With the payment protection insurance (PPI) ruling due any day, banks and consumer groups are expecting a flood of new complaints about mis-selling to arrive.

About 1m people have so far complained that they were mis-sold the insurance, which covers loan payments in the event a borrower is unable to through unemployment or illness.

A rash of complaint management companies have arisen to fight on behalf of consumers in cases such as PPI disputes, unauthorised bank overdraft charges and endowments. But these can add an unnecessary layer between you and the company.

If you have a dispute about a product or service you were sold, or believe you have been treated unfairly, then these are the steps you need to take.

1. Complain to the business

Once you make a complaint to a company about service or goods you’ve received that you’re unhappy with they then have eight weeks to have a look into the problem.

If you’d rather not get in touch with the bank, insurance company or finance firm yourself you can ask the Ombudsman to do it for you, but this will of course add a lag to the time your complaint is dealt with.

2. Contact the ombudsman

If you’re not happy with the answer you get from the business you can ask the watchdog to investigate on your behalf.
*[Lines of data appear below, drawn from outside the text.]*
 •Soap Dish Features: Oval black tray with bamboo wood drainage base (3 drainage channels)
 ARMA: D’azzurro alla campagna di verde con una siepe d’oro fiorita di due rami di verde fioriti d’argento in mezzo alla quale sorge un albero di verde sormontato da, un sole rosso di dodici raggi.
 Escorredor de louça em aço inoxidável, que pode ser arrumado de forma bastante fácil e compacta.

You can find a list of all ombudsman here: www.bioa.org.uk/list.php

They are a free, independent service and anyone can contact them.
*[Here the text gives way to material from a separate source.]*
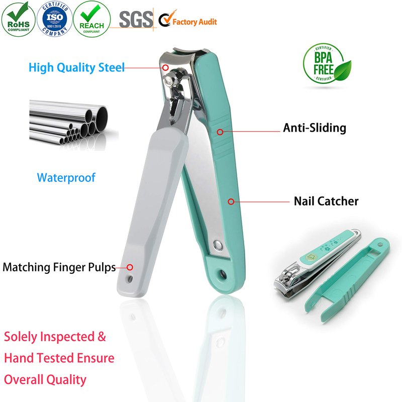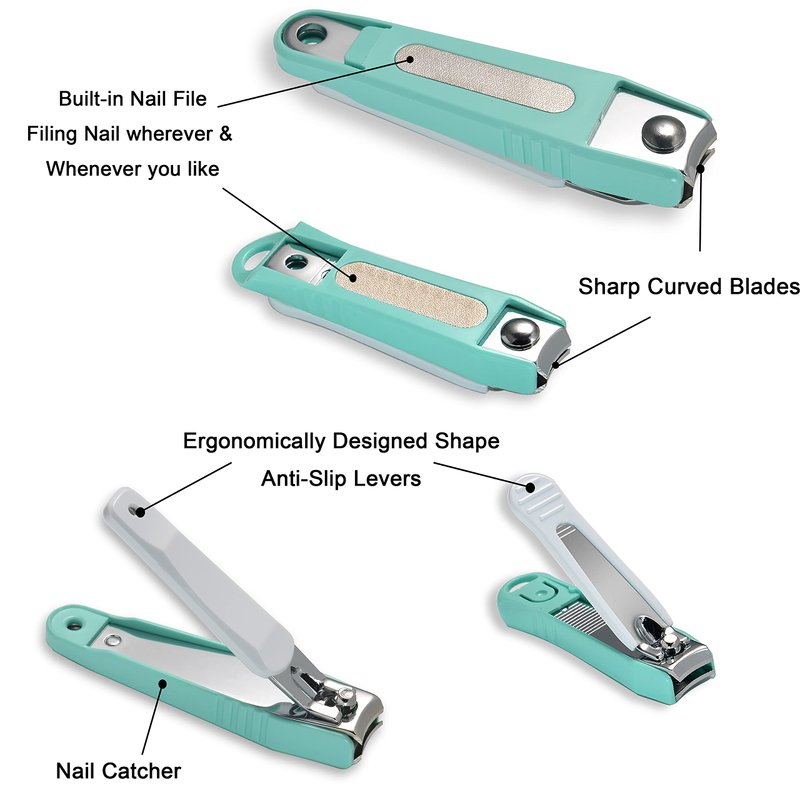- Nail Catcher: both fingernail clipper and toenail clipper come with nail catcher that collects nail fragments after clipping. So there won't be any nail fragments hiding in the corner of furniture or on the floor, which need to be clean or vacuum.

The Ombudsman can tell you whether your complaint is likely to raise competition issues and what sort of information you will need to send along with your case.

For those who want to enquire about PPI, the Financial Ombudsman’s consumer helpline is on 08457 22 44 99 and is open from 8am to 6pm, Monday to Friday. You can also send an email to complaint.info@financial-ombudsman.org.uk but the Ombudsman says that phone queries tend to be dealt with quicker than emailed ones.
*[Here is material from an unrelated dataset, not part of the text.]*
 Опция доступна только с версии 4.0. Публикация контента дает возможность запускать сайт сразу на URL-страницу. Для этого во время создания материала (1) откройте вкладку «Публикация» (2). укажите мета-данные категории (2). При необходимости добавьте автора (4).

The Citizen’s Advice Bureau identifies the following likely areas of investigation for an ombudsman:

•an organisation not following its own policies or procedures


•delay in taking action or failing to take action

•treating someone unfairly compared to others

•giving wrong or misleading information

3. Gather as much detail as you can

The more factual information can be provided, the easier a case is to assess. So dates, times and amounts are all important.

Try to make sure that you have:

•the name and address of the organisation the complaint is being made about

•details of what the complaint is

•the date you identified the complaint.

•what hardship was suffered as a result of the incident

•what the organisation should do to sort out the situation

•how the complaint has been followed up by the company

Copies of any paperwork relevant to the complaint should also be sent.

4. Fill in a complaint form

Different ombudsman will have different complaint procedures but you will generally need to fill in a form with the information you have gather, sign the document and post it in with the relevant paperwork.

Note that if you’re complaining about payment protection insurance (PPI), you will need to fill out a separate payment protection insurance consumer questionnaire at the Financial Ombudsman. It has received so many complaints on this subject that it has been forced to set up a separate system to deal with them.

5. Wait for a decision

The ombudsmen may contact you for more information, and will then write to you and the company with a decision. If they have found in your favour there will be details of what the company must do to put things right.

They might tell a company to explain its actions, apologise, alter its future practise or pay you a certain amount in compensation.

The Ombudsman has no power to force the companies to comply with its findings but they nearly always do. The Financial Ombudsman Service is the exception, its powers are legally binding, so a court can force a company to do what the FOS tells it to

6. Consider your next step

An ombudsman’s decision is binding on the company but it’s not binding on you.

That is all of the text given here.